:: RECORDS SHOWN

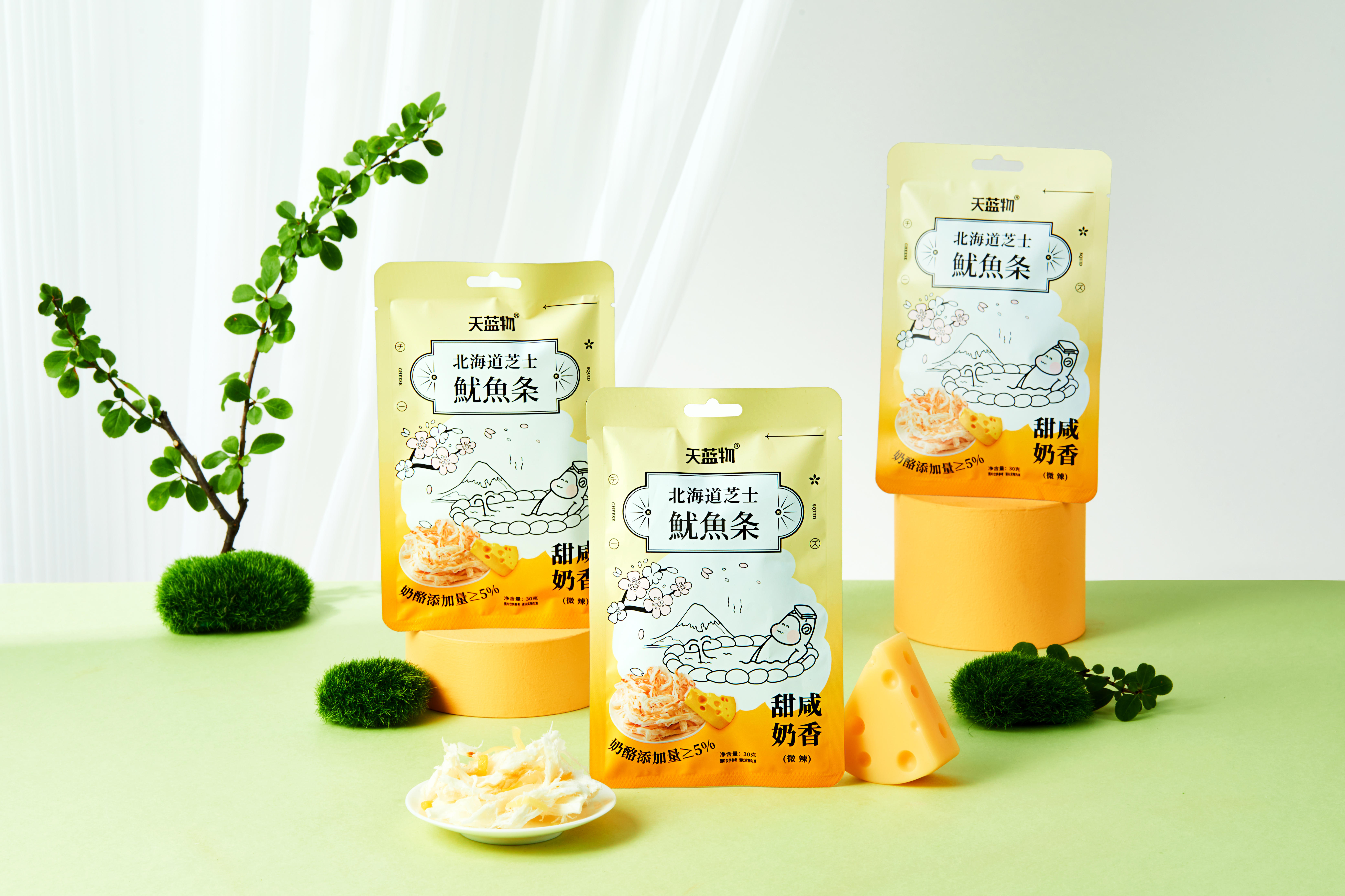 第三条线是差异化的传统海鲜零食。例如鳕鱼片,采用独立小包装的形式,配料清洁,能够保存较长时间。再如芝士鱿鱼条,深海巨鱿“腱子肉”经过黄油反复烘烤后变得软韧有嚼劲,搭配带有咸味的芝士,最后微辛调味,口感层次极为丰富。
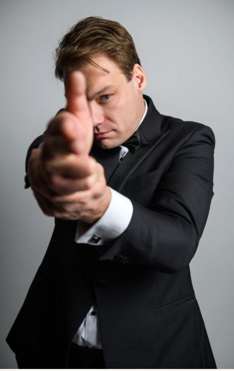 What makes this production particularly compelling is its structure. Steven’s story is framed around the jackets worn by each incarnation of James Bond, a simple yet inspired theatrical device. Each jacket marks a new era in both the Bond films and Steven’s life, serving as both costume change and emotional transition. The moment Blake shrugs into a new blazer, the audience knows we’re entering a new phase: the Connery years of childhood hero worship; the Dalton and Brosnan phases of teenage awkwardness and adult cynicism; the Craig era of raw emotion and re-evaluation. This clever motif gives the piece a sense of rhythm and familiarity, grounding its flights of fantasy in something tangible … and there are plenty of those flights! The performance is packed with familiar quotes, impressions, and sequences that fans of the franchise will instantly recognise. However, what elevates the material is Blake’s ability to move beyond pastiche. His impressions: of Bond, Q, Moneypenny (and an especially brilliant Sean Connery – you can pay me later, Cyril) are consistently funny but never feel gratuitous. Instead, they are tools for deeper exploration: of masculinity, of Britishness, and of the expectations passed down from one generation to the next.
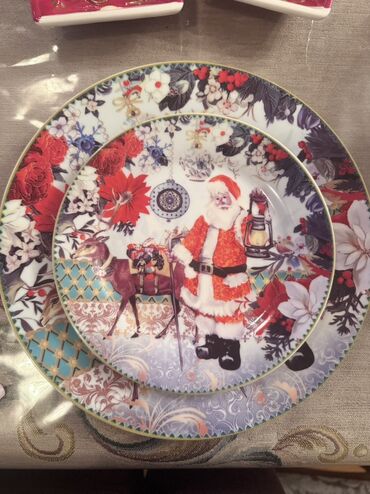 Məhsul: Dekorativ serviz boşqa dəsti - Sayı: 6 ədəd yemək boşqabı - Material: nazik porselen - Dizayn: mozaika naxışlı səth, qızılı haşiyə və mərkəzdə “H” monoqramı - Rənglər: boz-ağ mozaika tonla...
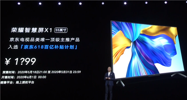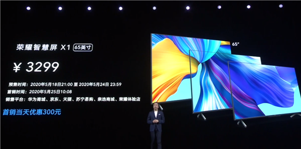 最后是售价,荣耀智慧屏X1 65寸版价格只要3299元,首发当天还优惠300元,到手价2999元,5月25日全渠道开卖。
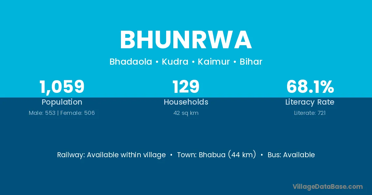Sasaram (41 km) is the nearest town to Bhunrwa village for major economic activities and is located approximately 41 km away.
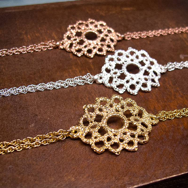 Regency Bracelet was hand crafted in lace to Ruth Mary's own design, then reproduced in solid sterling silver - the textured lace aesthetic captured perfectly.
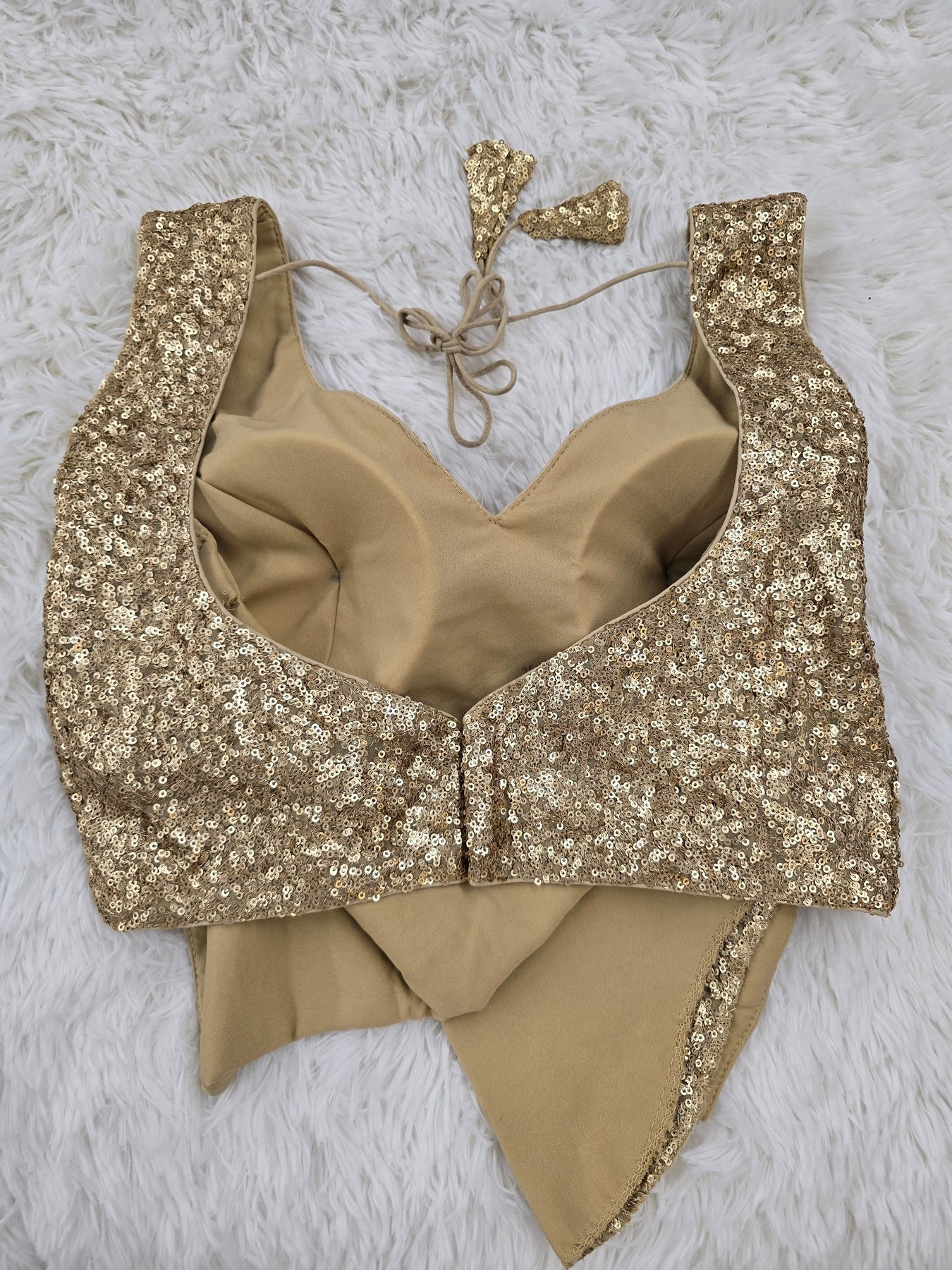 Golden Sequin V-Neck Blouse – Padded, Back-Open with Tassel Tie-Up & Sleeve Fabric Included
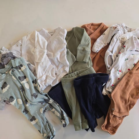 H&M vauvan vaatesetti, johon kuuluu useita vauvan bodyja ja housuja. Koko 44 (vastasyntynyt). Väri pääosin beige, mukana myös harmaan ja sinisen sävyjä. Materiaali puuvillaa. Unisex-malli, sopii sekä tytölle että pojalle. Bodyissa kietaisumalli ja pitkät hihat. Housuissa joustava vyötärö. Soveltuu vastasyntyneen arkipukeutumiseen ja kerrospukeutumiseen.
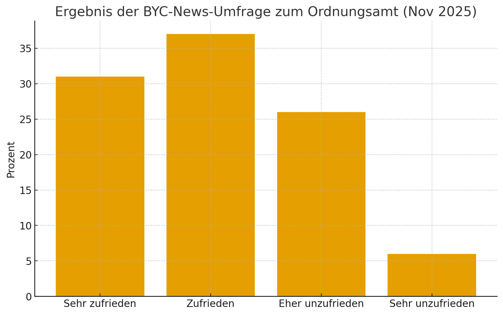 Mainz – Eine von BYC-News Mainz durchgeführte Online-Umfrage zeigt, dass die Mehrheit der Mainzerinnen und Mainzer mit der Arbeit des Ordnungsamts zufrieden ist. Die Umfrage lief vom 01. bis 07. November 2025 und wurde über einen Banner ausgespielt, der per Geo-Location ausschließlich Leserinnen und Lesern in Mainz und seinen Vororten angezeigt wurde. Insgesamt nahmen 3.763 Personen an der Abstimmung teil. Jede Person konnte nur eine Stimme abgeben; nach der Wahl wurde die IP-Adresse für weitere Stimmabgaben gesperrt. Zusätzlich konnte zu jeder Stimme ein Kommentar hinterlassen werden; diese Funktion nutzten 218 Personen.
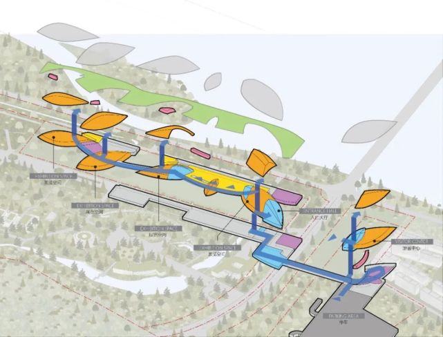 建筑群北向展厅及其他功能体块连贯而成一片起伏地景,覆盖在绿植屋顶之下。游人可从北边鸭子河畔缓缓走至二层屋顶绿地,欣赏360度园区风貌及优美江景。
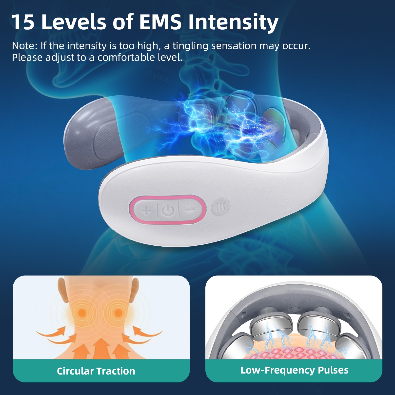 Cordless Neck Shoulder Massager EMS Pulse Heat Therapy Travel Muscle Relaxation
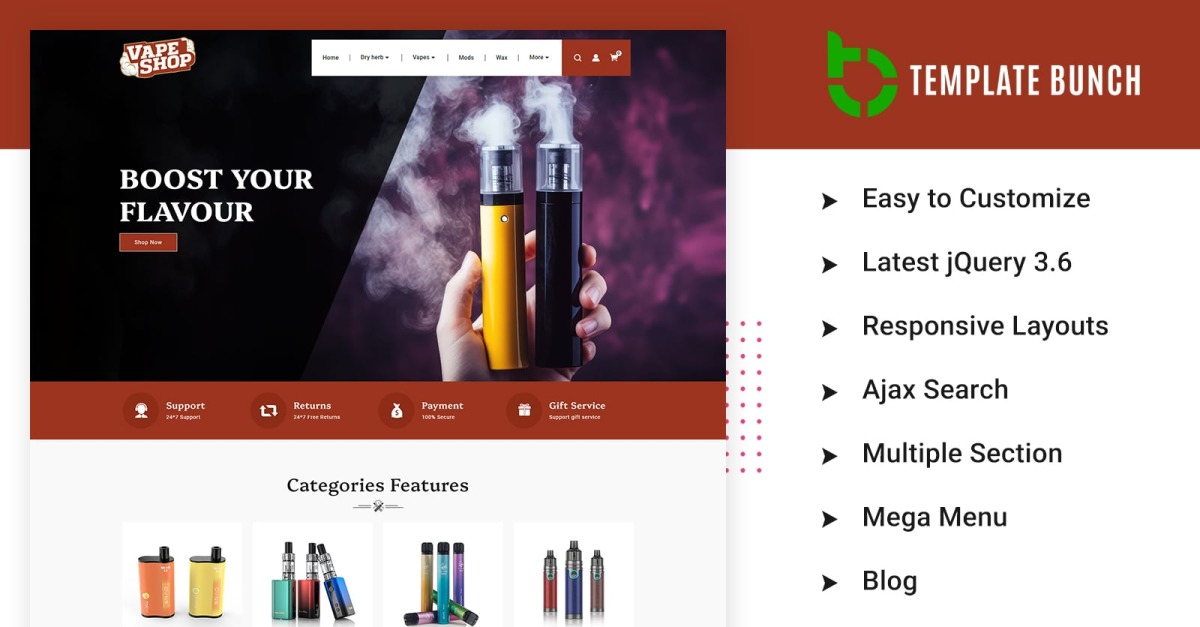 Vape Shop - Duyarlı PrestaShop eTicaret Teması, özellikle çevrimiçi vape mağazaları, e-sigara perakendecileri ve duman aksesuarı mağazaları için tasarlanmış cesur ve modern bir çözümdür. Sağlam Bootstrap çerçevesi üzerine inşa edilmiş ve PrestaShop 8.1.1 ile tamamen uyumlu olan bu tema, kusursuz ve profesyonel bir vitrin deneyimi sunar. Temiz, minimal düzeni, Icofont simgeleri ve ücretsiz Google Fontları ile geliştirilmiştir ve sitenize tüm modern tarayıcılarda ve cihazlarda çalışan şık ancak kullanıcı dostu bir görünüm kazandırır.
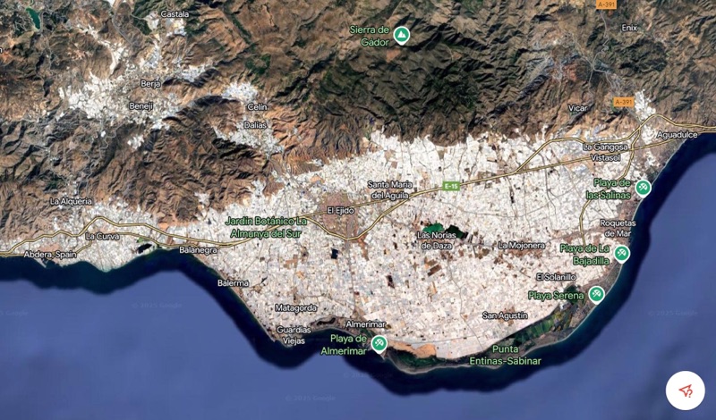 Het uitje van de gardenclub ging naar een kweker in het grootste aaneengesloten kassen gebied van de wereld. Al het wit op de foto, van het internet geplukt, zijn kassen. Het ziet er vreselijk uit. Ook als je tussen die kassen door rijdt. Het leek wel op een wereld na het instorten van de civilisatie. Plastic, plastic, plastic.
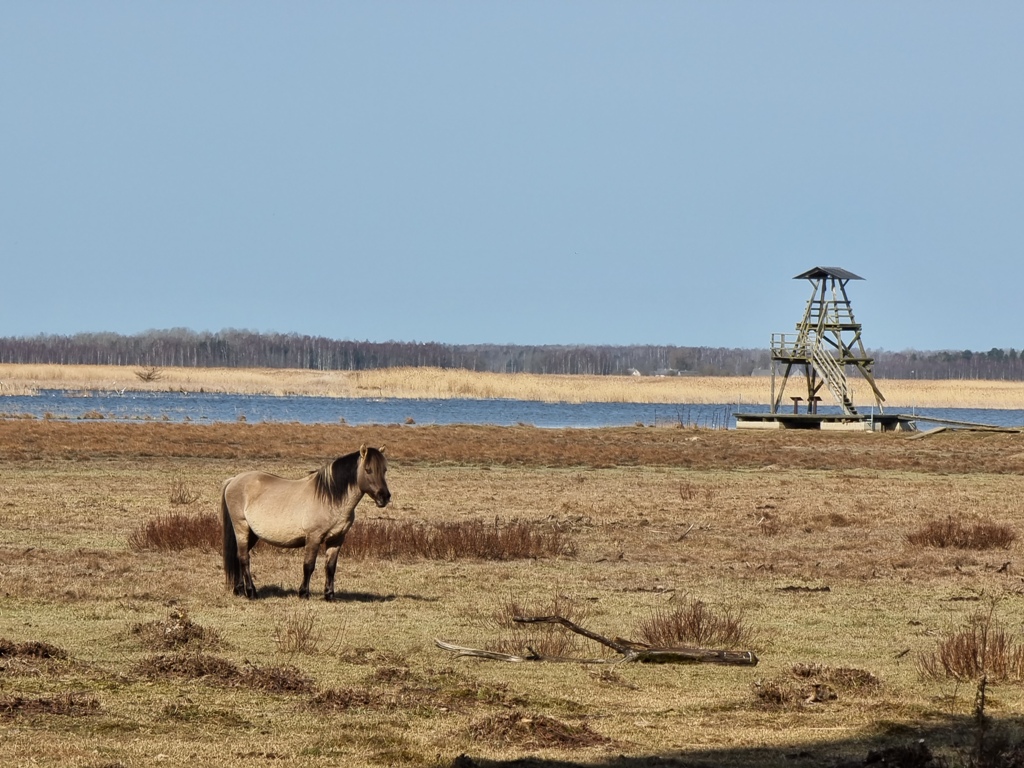 Tālāk soļoju jau raitā solī. Spirgta (vēsa) saulaina diena. Ezera krastu govis apstrādājušas vēl rūpīgāk par zāles pļāvējiem. Nav zāles, nav niedru. Arī no krūmājiem palikuši 20 – 30 cm gari kāti pie pašas zemes. Nonāku pie koka vārtiņiem, kurus aizvērtā stāvoklī notur gara spirālatspere (lai govis nenonāk mežā). Aiz vārtiņiem pa zemes uzbērumiem un zig-zag veida koka dēļu taku nonāku līdz putnu vērošanas tornim. Tornis vienkāršs, nav īpaši augsts (kā priekš manis). Apkārt klaigā putni. Netālu peld vairāki gulbju pāri. Palaikam var dzirdēt kā dumpis “iepūš tukšā stikla pudelē”.

::::

▶ [EXERCISE DIRECTIONS] Each line from the one containing "建筑群北向展厅及其他功能体块" through the last line above should be retyped exactly, and no other line. Any picture is to be left out.

▶ [FINAL ANSWER]
 建筑群北向展厅及其他功能体块连贯而成一片起伏地景,覆盖在绿植屋顶之下。游人可从北边鸭子河畔缓缓走至二层屋顶绿地,欣赏360度园区风貌及优美江景。
 Cordless Neck Shoulder Massager EMS Pulse Heat Therapy Travel Muscle Relaxation
 Vape Shop - Duyarlı PrestaShop eTicaret Teması, özellikle çevrimiçi vape mağazaları, e-sigara perakendecileri ve duman aksesuarı mağazaları için tasarlanmış cesur ve modern bir çözümdür. Sağlam Bootstrap çerçevesi üzerine inşa edilmiş ve PrestaShop 8.1.1 ile tamamen uyumlu olan bu tema, kusursuz ve profesyonel bir vitrin deneyimi sunar. Temiz, minimal düzeni, Icofont simgeleri ve ücretsiz Google Fontları ile geliştirilmiştir ve sitenize tüm modern tarayıcılarda ve cihazlarda çalışan şık ancak kullanıcı dostu bir görünüm kazandırır.
 Het uitje van de gardenclub ging naar een kweker in het grootste aaneengesloten kassen gebied van de wereld. Al het wit op de foto, van het internet geplukt, zijn kassen. Het ziet er vreselijk uit. Ook als je tussen die kassen door rijdt. Het leek wel op een wereld na het instorten van de civilisatie. Plastic, plastic, plastic.
 Tālāk soļoju jau raitā solī. Spirgta (vēsa) saulaina diena. Ezera krastu govis apstrādājušas vēl rūpīgāk par zāles pļāvējiem. Nav zāles, nav niedru. Arī no krūmājiem palikuši 20 – 30 cm gari kāti pie pašas zemes. Nonāku pie koka vārtiņiem, kurus aizvērtā stāvoklī notur gara spirālatspere (lai govis nenonāk mežā). Aiz vārtiņiem pa zemes uzbērumiem un zig-zag veida koka dēļu taku nonāku līdz putnu vērošanas tornim. Tornis vienkāršs, nav īpaši augsts (kā priekš manis). Apkārt klaigā putni. Netālu peld vairāki gulbju pāri. Palaikam var dzirdēt kā dumpis “iepūš tukšā stikla pudelē”.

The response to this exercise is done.